#### DIRECTIONS FOR THIS TASK
Write out the lines below exactly, beginning at the one with "(¬٢) بيضًا: جمع" and stopping after the one with "안산 간호학원 상담을"; the pictures are not copied.

#### EXTRACTED MATERIAL
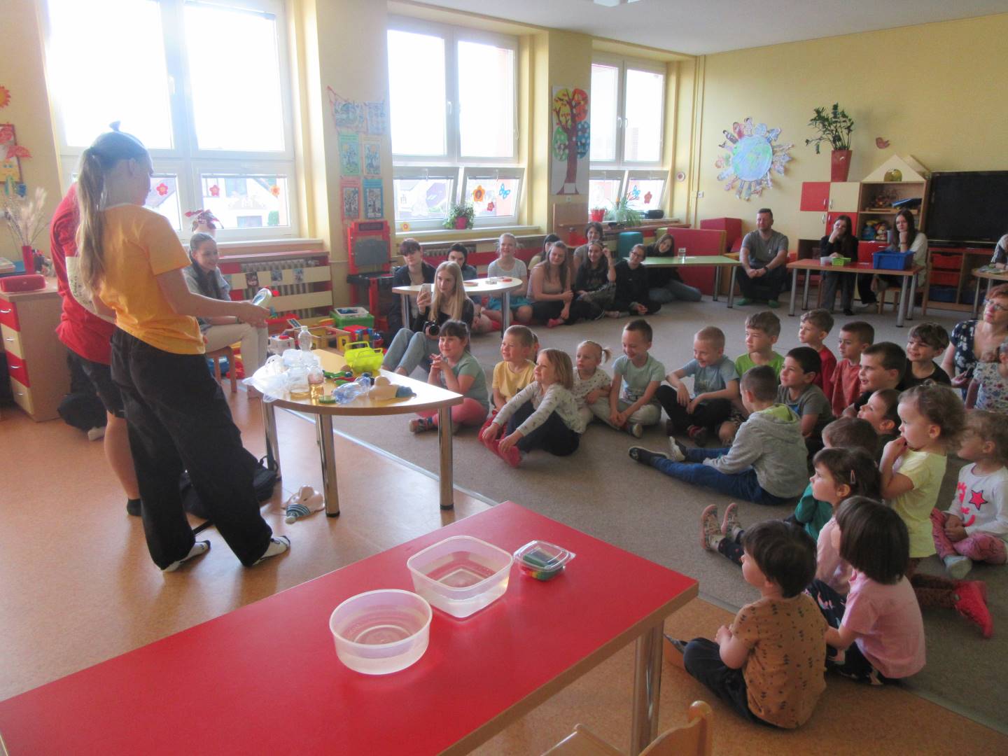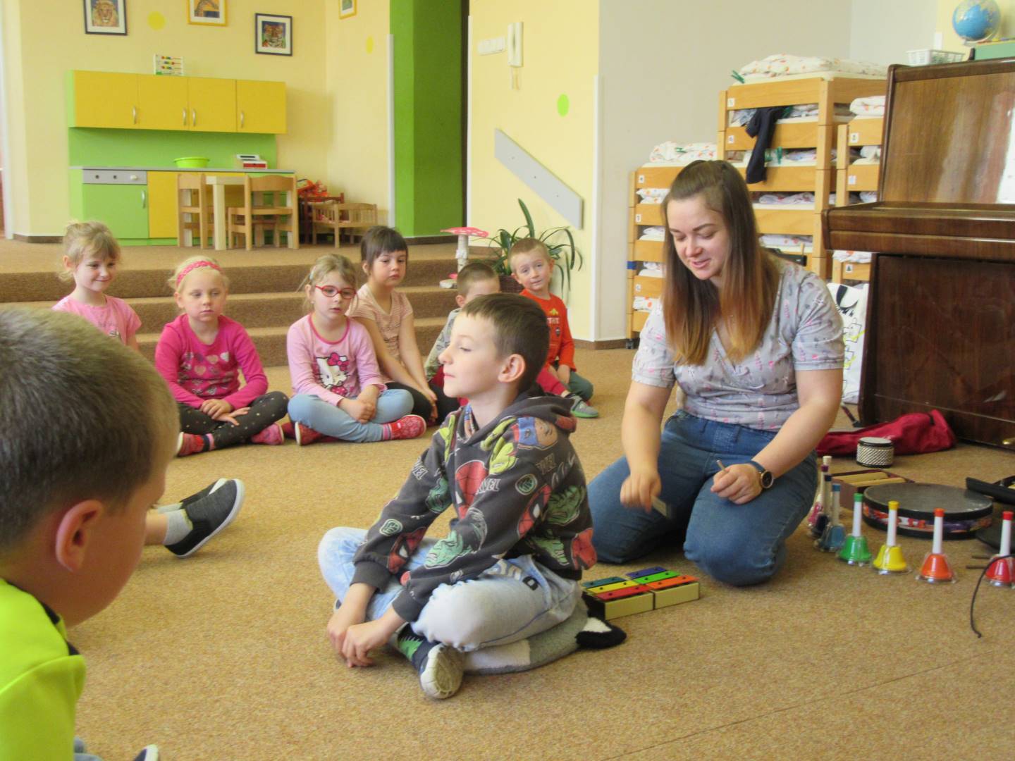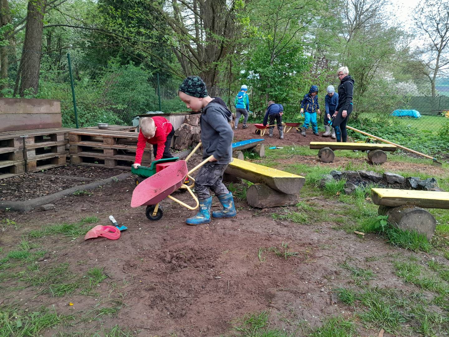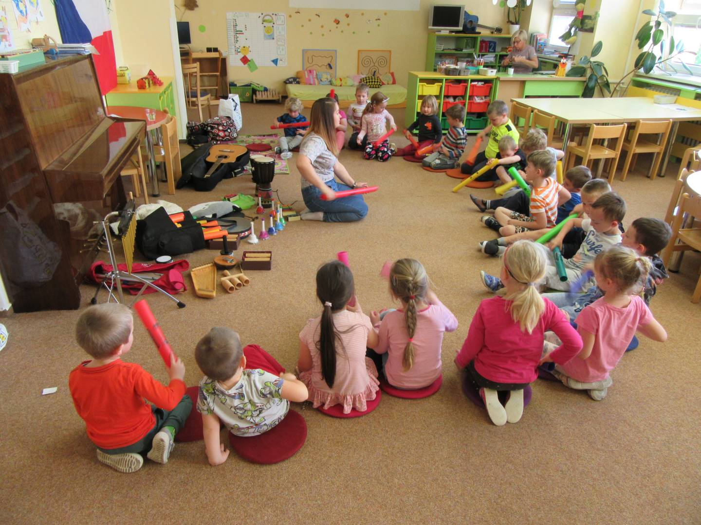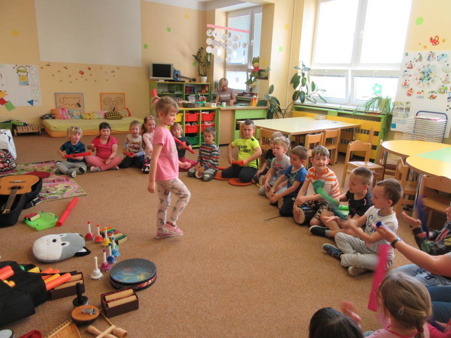 Duben 2024 - jaro, projektový den Fyzika, dopravní prostředky, zdobení týpí a úklid dřeva u maringotky, muzikodrama, slavíme čarodějnice
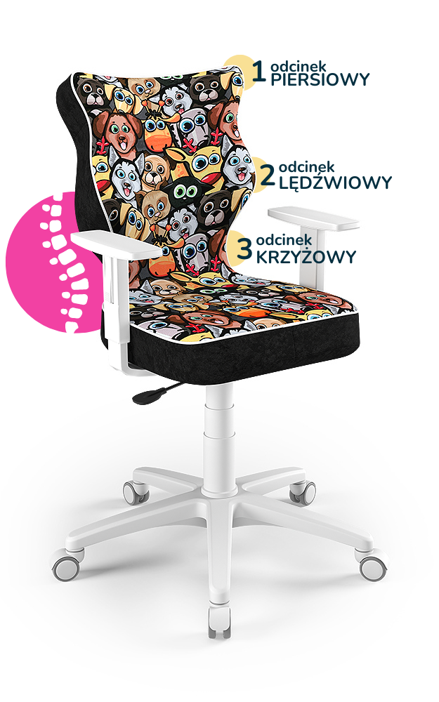 Krzesło do biurka dla dziecka dopasowane do wzrostu 146-176,5 cm, model Duo motyw zwierzaki obrotowe
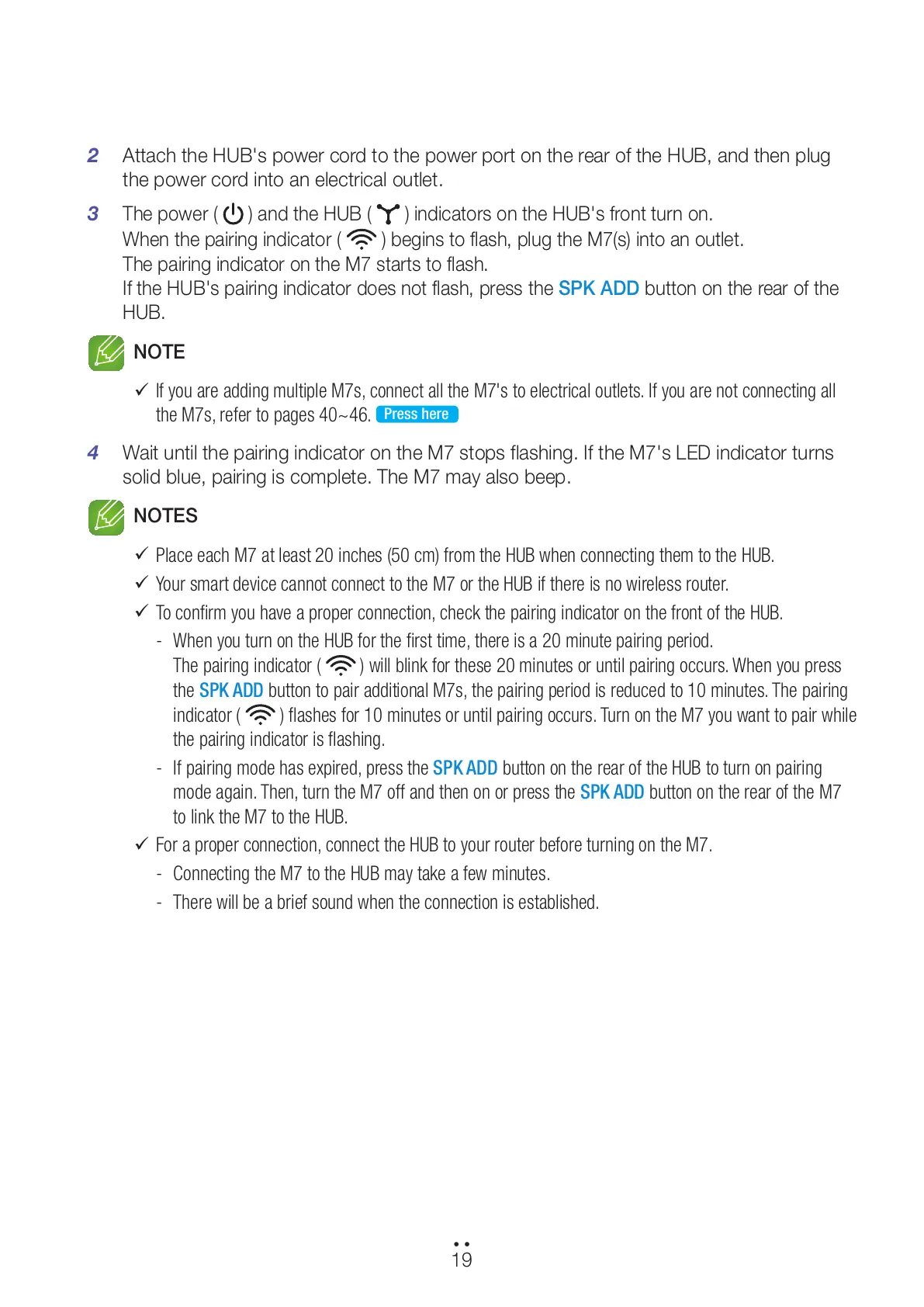 If the HUB's pairing indicator does not flash, press the SPK ADD button on the rear of the
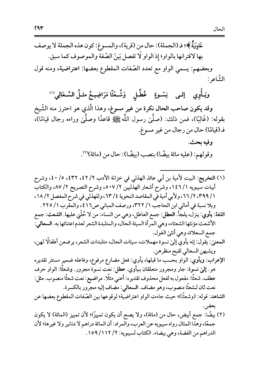 (¬٢) بيضًا: جمع أبيض، حال من (مائة)، ولا يصح أن يكون تمييزًا؛ لأن تمييز (المائة) لا يكون جمعًا، وهذا المثال رواه سيبويه عن العرب، والمراد: أن المائة دراهم لا دنانير ولا غيرها؛ لأن الدراهم من الفضة، وهي بيضاء. الكتاب لسيبويه: ٢/ ١١٢/ ١٥٩.
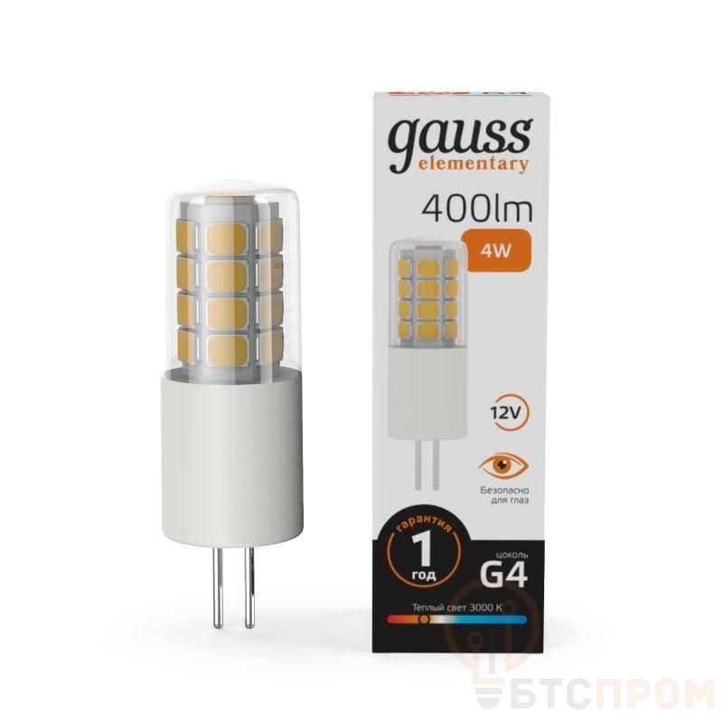 Светодиодная лампа GAUSS 10714 Elementary. Капсульная, 4Вт. Теплый белый свет 3000K. Цоколь G4. Световой поток 400 лм. Напряжение 12В. Увеличенная яркость для акцентной подсветки. Подходит для витрин и экспозиций.
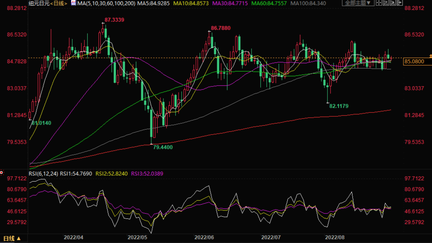 特别是该区间的顶部在85.00主要心理关口附近,这与50%的斐波那契回撤水平相符。这也符合移动平均线的动态支撑,增加了它作为底部的力量。
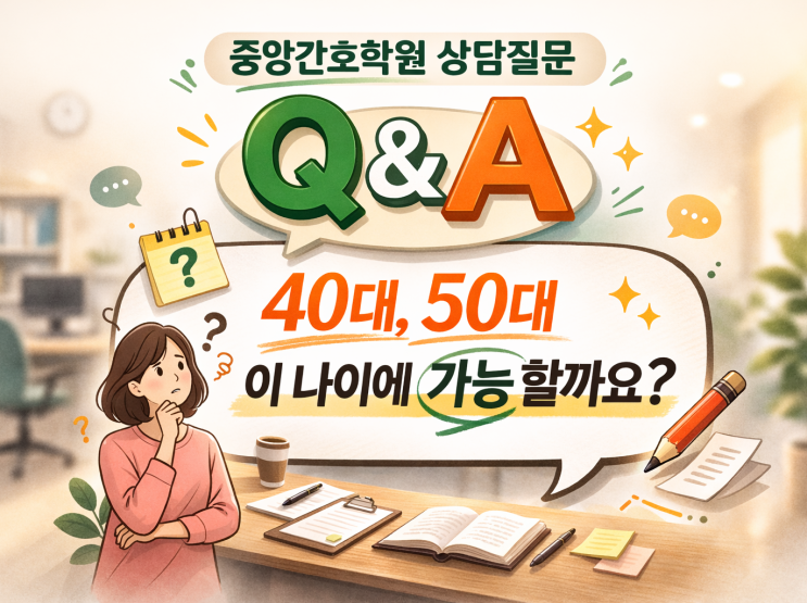 안산 간호학원 상담을 하다 보면 특히 40대, 50대 분들이 가장 많이 하시는 질문이 있어요. 조심스럽게, 하지만 정말 진지하게 물으세요. 제가 이 나이에 잘 배울 수 있을까요? 젊은 사람들 사이에서 뒤처지진 않을까요? 솔직히… 이 나이에 취업이 되긴 하나요? 이 질문을 받을 때마다 저는 항상 똑같이 대답해요. 무조건 YES예요. 괜히 희망적인 말로 붙잡으려는 대답 아니고요. 25년 동안 안산에서 간호조무사 과정을 운영하면서 정말 수많은 분들을 봐왔기 때문에 확신을 가지고 드리는 말이에요. 그래서 상담실에서는 이렇게도 말씀드려요. 그 나이는 번데기 앞에서 주름 잡는 나이예요. 여기서는 주름 잡을 수 없는 나이입니다. 1️⃣ 간호....... <img src="https://blogthumb.pstatic.net/MjAyNjAyMjRfMjM1/MDAxNzcxOTE2MzAxNjI4.0M2807GIgpCO78j_4_ovm5IhCOPb0AsgKPJAdnnpMIMg.xWvVxil_Na5R-jY0hjrq53LbFZnwN45M6DK3fLkHwc0g.PNG/%BA%ED%B7%CE%B1%D7_%B3%AA%C0%CC%BA%B0QnA.png?type=s3" />
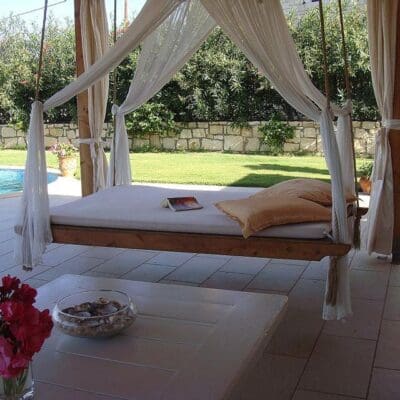 De villa heeft een geweldige tuin met prachtige elementen van natuursteen en mooie gekleurde bloemen. Geniet van een heerlijk ontbijt onder de pergola, ontspan met een goed boek op een van de comfortabele ligbedden of neem een verfrissende duik in het zwembad. Je komt hier helemaal tot rust. Ook als de avond valt, hoef je hier niet weg. Steek de barbecue aan en bewonder de zonsondergang. Als dat geen vakantie is… Wil je er toch een keer op uit? Ook dan zit je hier goed, want met Chersonissos, Piskopiano en Koutouloufari binnen handbereik is Villa Valentine de perfecte uitvalsbasis voor uitstapjes. Stap in je huurauto en rijd binnen enkele minuten naar één van deze dorpjes, of geniet van een heerlijke dag aan het strand. Als de vakantie nog niet onvergetelijk was, zal eigenaresse Poppi er alles aan doen om dat alsnog voor elkaar te krijgen.

#### ANSWER TO THE PROBLEM
 (¬٢) بيضًا: جمع أبيض، حال من (مائة)، ولا يصح أن يكون تمييزًا؛ لأن تمييز (المائة) لا يكون جمعًا، وهذا المثال رواه سيبويه عن العرب، والمراد: أن المائة دراهم لا دنانير ولا غيرها؛ لأن الدراهم من الفضة، وهي بيضاء. الكتاب لسيبويه: ٢/ ١١٢/ ١٥٩.
 Светодиодная лампа GAUSS 10714 Elementary. Капсульная, 4Вт. Теплый белый свет 3000K. Цоколь G4. Световой поток 400 лм. Напряжение 12В. Увеличенная яркость для акцентной подсветки. Подходит для витрин и экспозиций.
 特别是该区间的顶部在85.00主要心理关口附近,这与50%的斐波那契回撤水平相符。这也符合移动平均线的动态支撑,增加了它作为底部的力量。
 안산 간호학원 상담을 하다 보면 특히 40대, 50대 분들이 가장 많이 하시는 질문이 있어요. 조심스럽게, 하지만 정말 진지하게 물으세요. 제가 이 나이에 잘 배울 수 있을까요? 젊은 사람들 사이에서 뒤처지진 않을까요? 솔직히… 이 나이에 취업이 되긴 하나요? 이 질문을 받을 때마다 저는 항상 똑같이 대답해요. 무조건 YES예요. 괜히 희망적인 말로 붙잡으려는 대답 아니고요. 25년 동안 안산에서 간호조무사 과정을 운영하면서 정말 수많은 분들을 봐왔기 때문에 확신을 가지고 드리는 말이에요. 그래서 상담실에서는 이렇게도 말씀드려요. 그 나이는 번데기 앞에서 주름 잡는 나이예요. 여기서는 주름 잡을 수 없는 나이입니다. 1️⃣ 간호....... <img src="https://blogthumb.pstatic.net/MjAyNjAyMjRfMjM1/MDAxNzcxOTE2MzAxNjI4.0M2807GIgpCO78j_4_ovm5IhCOPb0AsgKPJAdnnpMIMg.xWvVxil_Na5R-jY0hjrq53LbFZnwN45M6DK3fLkHwc0g.PNG/%BA%ED%B7%CE%B1%D7_%B3%AA%C0%CC%BA%B0QnA.png?type=s3" />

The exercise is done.